I saw majestic trees dip thirsty roots
in murky Mississippi’s mud and watch
Blue skies turn angry deep with thunder’s roar.
I sifted people of all ages – young
and old, the shy and bold. I fell in love
With youngsters playing ball in city parks
And those who trudged down shady country lanes.
I measured all who served me at every stop –
The motley hosts at swanky inns or cheap motels
(if they but knew what tales their actions told)
And those who served me food across the land.
I traveled mountain passes engineered
In miracles; I crossed bridges – tall
and long, some low, some not too strong. I saw
Skyscrapers rise from asphalt city streets;
Cathedrals built to last a century.
I saw sod huts along a desert stretch
And ancient caves where Utes lived on a bluff.
I took mental pictures of each scene.
The journey has been long! I’m almost home
With vehicle worn out and spent through use.

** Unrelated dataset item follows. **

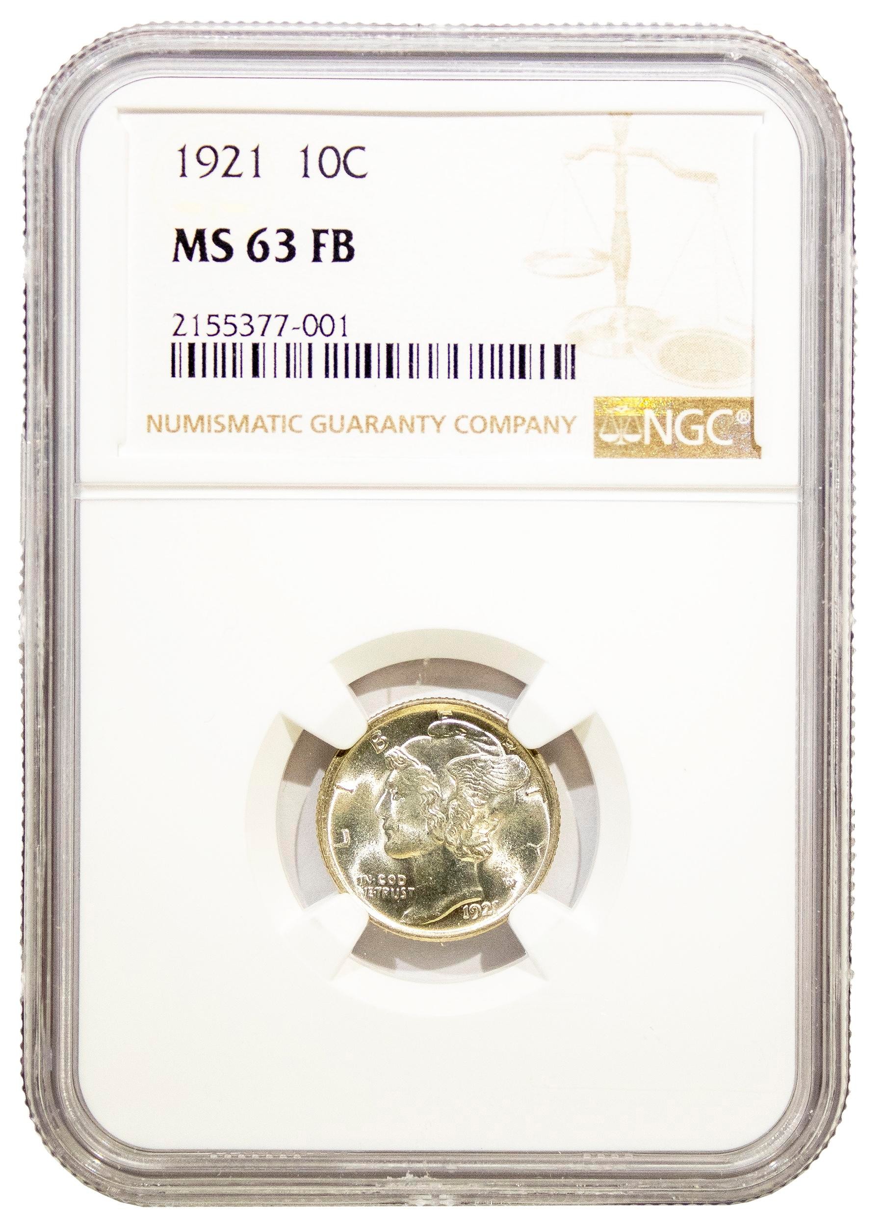NGC MS-63 FB 1921 Mercury Dime Rarity

Although my energy is low, my heart
Is full. My body aches but why complain.
God’s richest blessings have been mine this far.
In retrospect, I see how He designed
My pilgrim journey on this orb called earth.

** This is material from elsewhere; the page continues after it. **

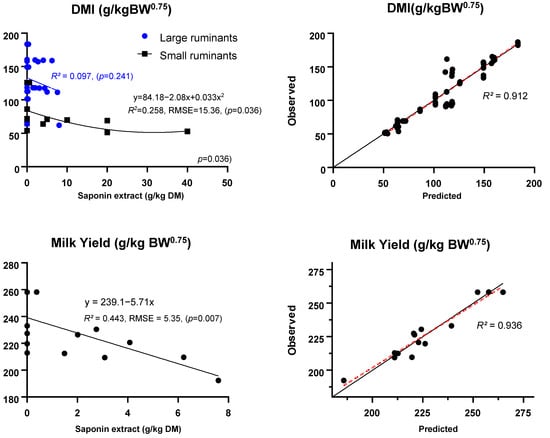 Meta-regression results representing the relationships between dietary saponin sources’ intake (g/kg DM) on dry matter intake and milk yield per metabolic body weight (BW0.75). The right figures represent the model performance evaluation according to the observed vs. predicted values.

A few more weary miles and I’ll be home.
                           Anna Daisy Siemens

Psalm 145:1-5 – I will exalt you, my God and King, and praise your name forever and ever. I will praise you every day; yes, I will praise you forever.  Great is the Lord! He is most worthy of praise! No one can measure his greatness.  Let each generation tell its children of your mighty acts; let them proclaim your power.  I will meditate on your majestic, glorious splendor and your wonderful miracles.”